Forests are also a concern. William Maxey, West Virginia’s
former chief forester, says that more than 300,000 acres of
hardwood forest so far have been destroyed by mountaintop removal
and that the mining industry’s preferred reforestation methods are
‘totally superficial and will not work.’ After Maxey failed to
convince DEP to require adequate reforestation of mountaintop
mines, he resigned from his job in disgust.
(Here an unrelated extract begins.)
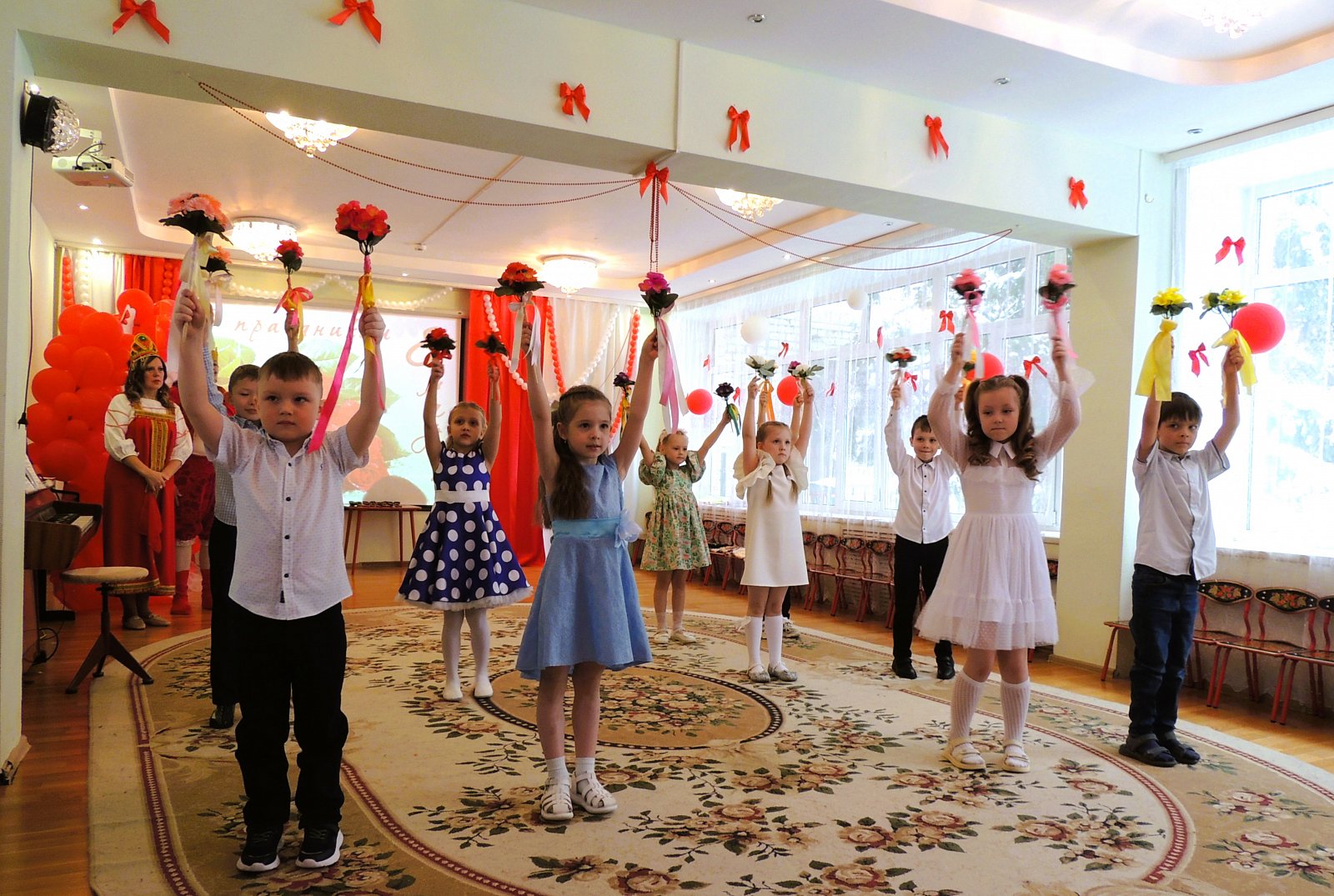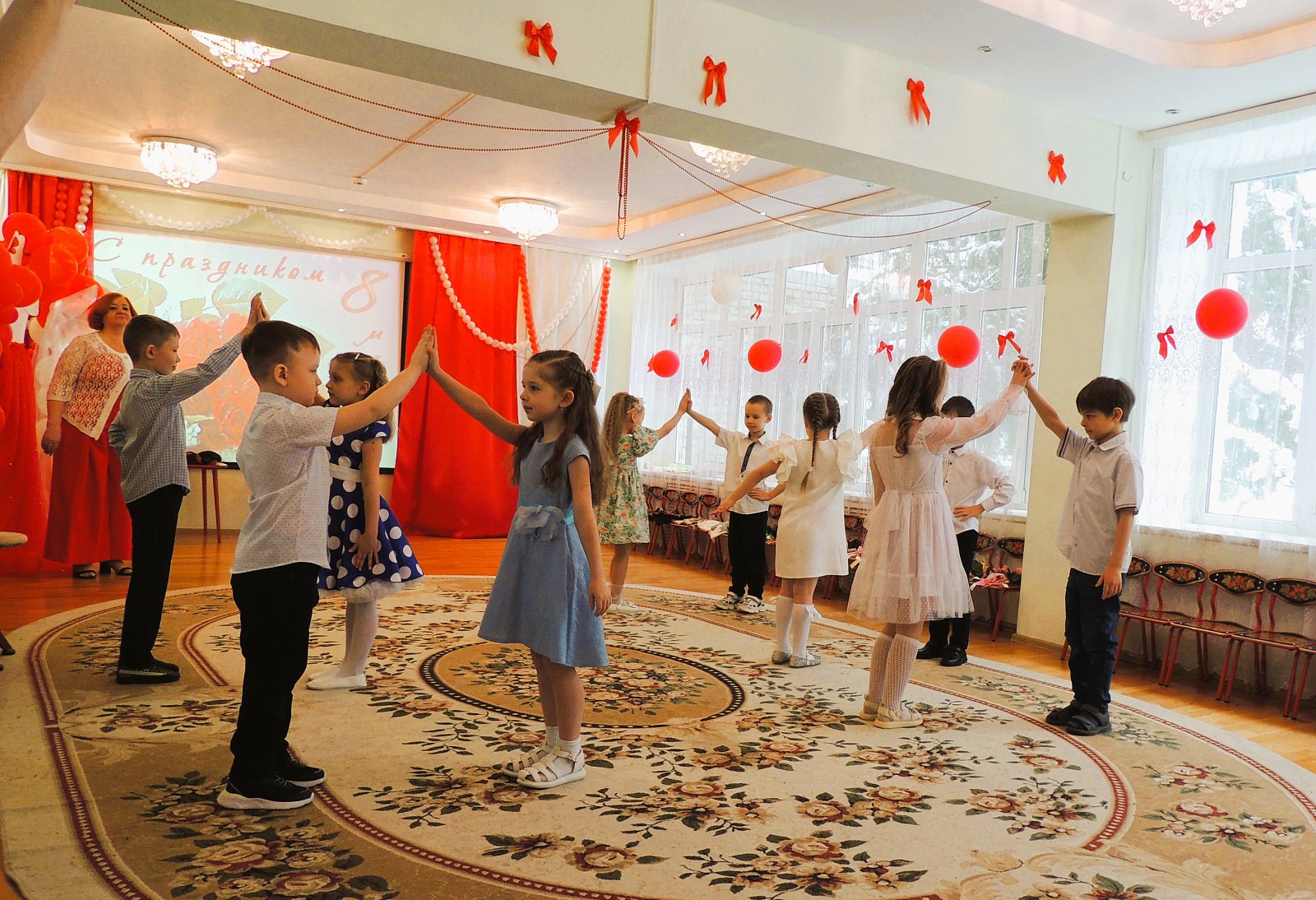 С самого утра ребята были нарядные, сияющие и с нетерпением ждали встречи с самыми дорогими гостями — мамами и бабушками. Праздник открылся трогательными стихами о маме и бабушке, а душевные песни в исполнении детей растрогали всех до слёз.

In March 1998, the Charleston Gazette obtained 81
DEP-issued mining permits, which it then reviewed against federal
laws. The investigation revealed some startling facts: DEP didn’t
keep complete records of how many permits it issued, so there was
no way to track the cumulative effects of mining. The U.S. Army
Corps of Engineers routinely granted general ‘nationwide’ permits
for valley fills that should have required more rigorous individual
permits. And in almost all cases, mountaintop-removal AOC variances
were issued without post-mining development plans. When plans were
submitted, most were for ‘timberland’ or ‘wildlife habitat’–uses
not recognized by SMCRA.

The Office of Surface Mining conducted its own investigation,
which essentially confirmed the newspaper’s findings. In other
words, for 20 years DEP had been stretching the law to please the
coal companies, and the U.S. government had allowed it to
happen.

In response to an increasing public outcry over mountaintop
removal, Governor Cecil Underwood, a former coal company executive,
appointed a task force to investigate. It came up with
recommendations for more studies and increased vigilance by the
regulators.

Meanwhile, Arch Coal, the country’s second-largest coal company,
was trying to push through a 3,100-acre mountaintop-removal permit
to expand its giant Dal-Tex mine in Logan County. It would be the
largest permit ever granted–amounting to about five square miles
of what DEP calls ‘total extraction.’ The Dal-Tex mine had already
filled in dozens of hollows on the west side of the Spruce Fork
River. All but 40 of the 200 families that once lived in the hamlet
of Blair had already moved away. That was when James Weekley, a
58-year-old grandfather and former miner, began to fear that Arch
Coal wanted the rest–including the headwaters of Pigeonroost
Branch, in the leafy hollow where he and his family have lived for
generations.

Weekley and nine other coalfield residents joined with the West
Virginia Highlands Conservancy in July 1998 to sue DEP and the Army
Corps for ignoring SMCRA, the Clean Water Act, and other laws.
(Three of the original plaintiffs have since dropped out.) Although
no coal companies were named in the suit, its purpose was to make
sure the mines comply with the law.

The plaintiffs decided in December 1998 to settle part of the
case against the federal government. They agreed that the Army
Corps, in conjunction with other federal and state agencies, would
conduct a two-year environmental impact study to assess and deal
with the cumulative damage caused by mountaintop removal in West
Virginia. Meanwhile, new permits and permits already in the
pipeline would be subjected to closer scrutiny to ensure compliance
with existing regulations and standards. But the federal defendants
argued that the Dal-Tex permit should be exempted from new,
stricter scrutiny, and that mining should be allowed to begin. The
company, they argued, had made significant changes in its permit
application–including reducing the lifetime of the Dal-Tex
expansion mine from 12 to 5 years and scaling back its proposed
valley fills–in response to pressure from the U.S. Environmental
Protection Agency that was unrelated to the lawsuit.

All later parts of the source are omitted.